6. So far as confirmed pursuant to s 14 of the TVA as at the date of this Determination, any existing public access to and enjoyment of:
(a) waterways; or
(b) beds and banks or foreshores of waterways.
SCHEDULE 5
AREA TO WHICH SECTION 47B APPLIES
The parts of the Determination Area to which section 47B of the Native Title Act applies (shown generally on the maps in Schedule 6 with diagonal hatched lines) is as follows:
UCL 001 |
SCHEDULE 6
MAPS OF THE DETERMINATION AREA
REASONS FOR JUDGMENT
HILL J
A. introduction
1 This proceeding is a native title determination application made under s 61 of the Native Title Act 1993 (Cth) (NTA), known as the Wiluna #4 application. The parties (the Applicant and the State of Western Australia) have reached agreement on the terms of a determination and the form of orders that are appropriate to provide recognition of the native title rights and interests held by the members of the claim group (who are part of the Wiluna people) over the land and waters covered by this application. The parties have requested that the Court determine the application without holding a hearing, pursuant to s 87(2) of the NTA.

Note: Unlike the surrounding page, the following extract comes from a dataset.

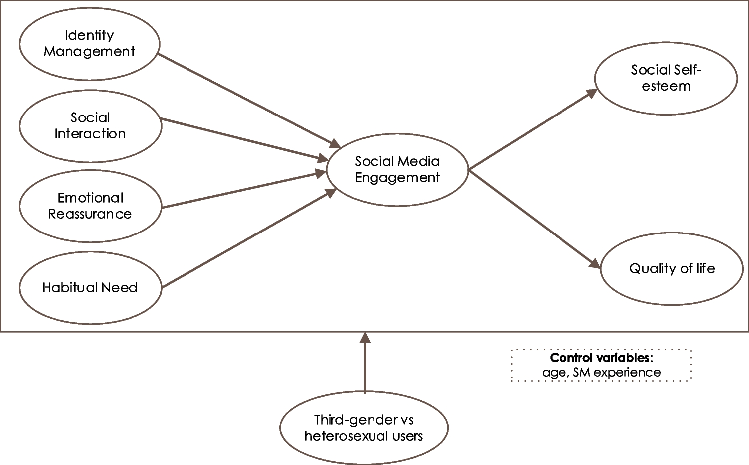 UGT is a comprehensive theory answering why people use media and what media offer to people. Specific to social media, different individual-level outcomes have been reported (Kapoor et al., 2018), including personal performance (Dhir et al., 2019), life satisfaction (Ponnusamy et al., 2020), and quality of life (Krishnan & Zhou, 2019). “However, it is unclear whether psychological dependency on social media and social media use behaviour have beneficial offline effects” (Han et al., 2019, p. 91). Nonetheless, Cannon et al. (2017) recommend that “social media represents a phenomenon that may have an empowering impact on LGBT communities” (p. 71–72). Based on extant studies, we investigate two higher-level outcomes of SMEn, including social self-esteem and quality of life.

2 For the following reasons, I make the orders and the determination of native title sought by the parties.
3 Material filed: The parties have filed the following material in support of the application:
An affidavit of Malcolm O’Dell affirmed 29 April 2025 (O’Dell affidavit), who is the solicitor for the Applicant;
Affidavits of Allan Ashwin affirmed 8 May 2024 (Ashwin affidavit), and of Paul Junior Morgan affirmed on 8 May 2024 (Morgan affidavit), who together bring the application of behalf of the claim group;
A Statement of Agreed Facts filed on 9 May 2025 (SOAF);
Joint Submissions of the Parties in support of the Minute of Proposed Consent Determination of Native Title filed 9 May 2025;
A Minute of Proposed Orders and Determination of Native Title filed on 9 May 2025 (which I will refer to as the “Wiluna #4 Proposed Orders” and “Wiluna #4 Proposed Determination”, as applicable), which are signed by the lawyers for both parties.
4 I note that the Joint Submissions repeat some unfortunate departures from the statutory language of s 223(1) of the NTA that were identified in an earlier decision of this Court. Although that departure does not prevent me from making the orders sought by the parties in this case, it would be better to correct it for the future: see [63] below.
B. Legislative scheme
5 The statutory conditions for making a consent determination of native title are as follows.
6 Approved determinations of native title (NTA s 13): An application may be made to this Court under Pt 3 of the NTA for a determination of native title in relation to an area for which there is no approved determination of native title (s 13(1)(a)).
7 Applicants for native title determinations (NTA s 61(1)): By s 61(1) of the NTA, a “native title determination application” may be made (relevantly) by:
A person or persons authorised by all the persons (the native title claim group) who, according to their traditional laws and customs, hold the common or group rights and interests comprising the particular native title claimed, provided the person or persons are also included in the native title claim group.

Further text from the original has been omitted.